PROBLEM DETAILS: Both the line with "キャストしてみると、面白いよ" and the line with "Wow, what an" in the records below must appear in the output, along with every line between them, exactly and with nothing added.

··· SUPPLIED MATERIAL ···

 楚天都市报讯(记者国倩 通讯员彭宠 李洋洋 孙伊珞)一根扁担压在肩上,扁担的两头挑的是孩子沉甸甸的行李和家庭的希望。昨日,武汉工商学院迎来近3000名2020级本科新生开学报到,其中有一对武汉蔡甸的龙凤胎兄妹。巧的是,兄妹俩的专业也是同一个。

···
··· SUPPLIED MATERIAL ···

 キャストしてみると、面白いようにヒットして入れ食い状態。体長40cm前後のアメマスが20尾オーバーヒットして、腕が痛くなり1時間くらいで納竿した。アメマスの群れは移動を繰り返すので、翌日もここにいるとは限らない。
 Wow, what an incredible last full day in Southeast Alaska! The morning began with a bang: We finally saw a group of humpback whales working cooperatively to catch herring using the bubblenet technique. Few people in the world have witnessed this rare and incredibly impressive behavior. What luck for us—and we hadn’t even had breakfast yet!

···

SOLUTION TO THIS TASK:
 キャストしてみると、面白いようにヒットして入れ食い状態。体長40cm前後のアメマスが20尾オーバーヒットして、腕が痛くなり1時間くらいで納竿した。アメマスの群れは移動を繰り返すので、翌日もここにいるとは限らない。
 Wow, what an incredible last full day in Southeast Alaska! The morning began with a bang: We finally saw a group of humpback whales working cooperatively to catch herring using the bubblenet technique. Few people in the world have witnessed this rare and incredibly impressive behavior. What luck for us—and we hadn’t even had breakfast yet!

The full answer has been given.